I think if she’s been treating her friend as a support bubble because she lives with her brother who works long hours I’d be fine with that.
Potentially yes, but she’ll be living with OP as well now so no longer applies.
Stinkywizzleteets · 26/01/2021 14:03

Wtf - you can’t just MAKE UP random support bubble rules!

You can on mumsnet! Im in a mumsnet group on fb where many people living with partners are creating support bubbles and childcare with their mum friends also with partners... the childcare element is actually Just a play date.

FOJN · 26/01/2021 14:04

I agree with you OP, she needs to adhere to lockdown regardless of where she lives. You won't have any say if she lives elsewhere but whilst she lives with you then it's entirely reasonable for you to insist she does. Lockdown is hard for everyone in different ways.

AnneLovesGilbert · 26/01/2021 14:06

What does her dad say?

Her attitude sucks. Is it going to be indicative of her general approach to living with you?

Flatcokeisnojoke · 26/01/2021 14:08

I’d let her

It’s 1 friend

Not a rave with 200

WeMustGetOffTheMountain · 26/01/2021 14:10

I agree with you, OP. And it actually really irks me that people are bending the rules so much. Stick to your guns.

HerMammy · 26/01/2021 14:11

Works one day a week?
Is she expecting to be funded all through uni?
Why is DSS23 moving in too?
She’s a CF, if she wants to live with you I’d suggest she gets her finger out; gap year doesn’t equal sitting about doing fuck all, your rules or stay where she is.

starbrightstarlight8888 · 26/01/2021 14:14

@HerMammy

Works one day a week? Is she expecting to be funded all through uni? Why is DSS23 moving in too? She’s a CF, if she wants to live with you I’d suggest she gets her finger out; gap year doesn’t equal sitting about doing fuck all, your rules or stay where she is.
We've tried to encourage her to get a proper job. She always has an excuse. I even set her up with an interview at my place of work and she called them the day before to say it wasn't for her. I must have sent her nearly a hundred jobs, and there's an excuse on every single one.

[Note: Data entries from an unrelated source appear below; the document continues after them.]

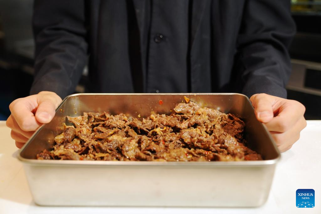 Stewards show prepared raw meat for making Qiqihar barbecue on train D6993 in northeast China's Heilongjiang Province, June 18, 2025. A Qiqihar barbecue cultural experiencing event was held Wednesday on bullet train D6993 running from Harbin West Railway Station to Qiqihar South Railway Station in Heilongjiang Province, offering a rich travel experience to passengers during the journey. (Xinhua/Wang Song)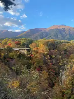 Naruko Gorge, located in Osaki City, Miyagi Prefecture, is a renowned spot that attracts autumn foliage enthusiasts from all over Japan. The vibrant autumn colors spread across the deep V-shaped gorge create a picturesque scene that resembles a painting. Especially from mid-October to early November, the gorge is adorned with shades of red, yellow, and orange, creating a stunning contrast with the Otani River flowing through it.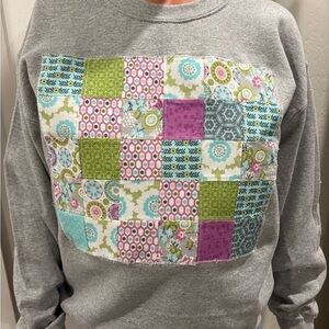 NWOT Hand Crafted gray sweatshirt with quilted patch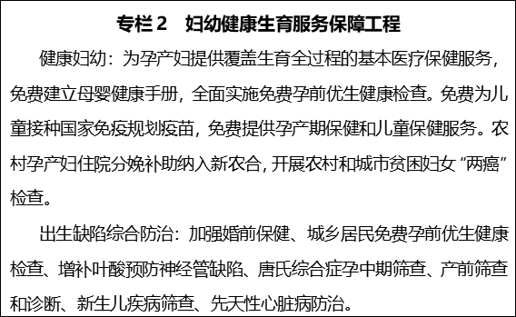 提升妇幼健康服务能力。推进优生优育全程服务,提高婚前医学检查、孕前优生健康检查、住院分娩、母婴保健、避孕节育、预防接种等服务能力。加强出生缺陷综合防治, 强化出生缺陷防治宣传和健康教育,落实婚前医学检查、孕前优生健康检查和产前筛查,促进婚前医学检查率、孕前优生检查率、产前筛查率逐步提高。提高孕产妇和新生儿危急重症救治能力,进一步降低孕产妇和新生儿死亡率。加强高龄产妇、再生育和不孕不育人群服务。提高农村和城市贫困妇女"两癌"(宫颈癌、乳腺癌) 筛查率和早诊早治率。做好流动孕产妇和儿童跨地区保健服务。

Dss lives with us as he is saving to buy a house. He doesn't want to house share with a friend and doesn't want to rent so is living with us while he saves. He will be paying us board but obviously not as much as if he had his own place.

OP posts:
starbrightstarlight8888 · 26/01/2021 14:15

Also her mum encourages her to do nothing for this gap year, she says she needs to take time out to relax before starting uni. That's a whole separate thread Wink

OP posts:
starbrightstarlight8888 · 26/01/2021 14:16

@AnneLovesGilbert

What does her dad say?

Her attitude sucks. Is it going to be indicative of her general approach to living with you?

Her dad agrees with me but doesn't want to push her away so feels conflicted.
OP posts:
AnneLovesGilbert · 26/01/2021 14:20

She’s pushing herself away. Talk about biting the hand that is offering to house you. She either grows up a bit and stops thinking she’s a special case or she finds somewhere else to live.

Put up with this sort of bs now and the next 3 years will be bloody awful.